Many variables change after pancreas transplant including euglycemia, physiological levels of insulin, improved lipid pro-files, blood pressure, and urea levels. No study showed that KTA was effective in reducing the grade of DR whereas PTA and SPK were both effective, despite a similar fall in blood pressure in all transplant patients and normalization of uremia in KTA. Therefore, although uremia and hypertension are known to exacerbate DR, correcting these factors alone in not enough to improve DR. Some evidence that good glucose control is key was provided by a large randomized prospective study of 1441 insulin-dependent diabetics studied over 6.5 years.¹⁴ Half the patients had mild DR before the study and the other half no DR. Patients were randomly assigned to either intensive or normal insulin therapy.¹⁴ A statistically significant affect on primary prevention and progression rate in the secondary prevention group was found consistently in all subgroups not affected by either sex, blood pressure, age, duration of insulin-dependent diabetes mellitus, weight, initial grade of DR, or HbA_1C.¹⁴ The group concluded that intensive insulin therapy, whether due to euglycemia or euinsulinemia, delays the onset and slows the progression of DR after three years and the difference continues to get more marked with time.¹⁴

Visual acuity loss in DR can be caused by a range of processes currently recognized including macular ischemia, macular edema, epiretinal membrane formation, and vitreous hemorrhage. Before any retinopathy is apparent, however, using electrophysiological tests, the neuronal network has been found to be impaired.¹⁵ Therefore the new paradigm in the pathophysiology of DR is considering the disease as a primary neuronal disease rather than one of the retinal microcirculation. It is postulated that the unique physiology of the retina makes the neural networks particularly prone to oxidative stress such as its high metabolic demands, use of glycolysis, sparse vascularity, and low oxygen tension.¹⁵

When the VA fails to improve following treatment and angiography (indicating a compromised capillary circulation), the prognosis for vision is considered poor. Perhaps in young patients, like those in the present series, the photoreceptor visual potential remains viable and resumes its importance when SPK removes the oxidative stress. It is proposed that this allows remodeling of the microcirculation, once the chronic inflammation resolves, preventing the accumulation of cytokines (resulting in apoptosis and ischemia) and promoting the resolution of edema.¹⁵ Normal neuronal structure and function can then recover.

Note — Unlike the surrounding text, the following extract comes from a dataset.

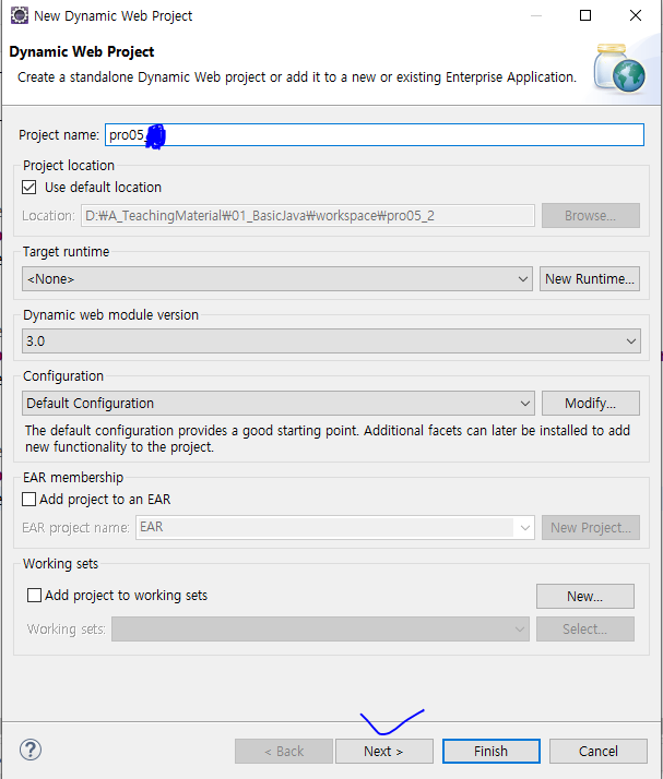 2. 프로젝트 이름을 pro05로 입력한 후 Next를 클릭한다.

Despite the lack of evidence of the effect of pancreas transplant on VA and some evidence suggesting that late disease is irreversible we have presented two cases of end-stage DR demonstrating improvement in VA after SPK. A prospective assessment of SPK and visual function in diabetic retinopathy would be valuable in providing visual prognosis and potentially elucidate the mechanisms of recovery in visual function.

Disclosures

The authors report no conflicts of interest in this work.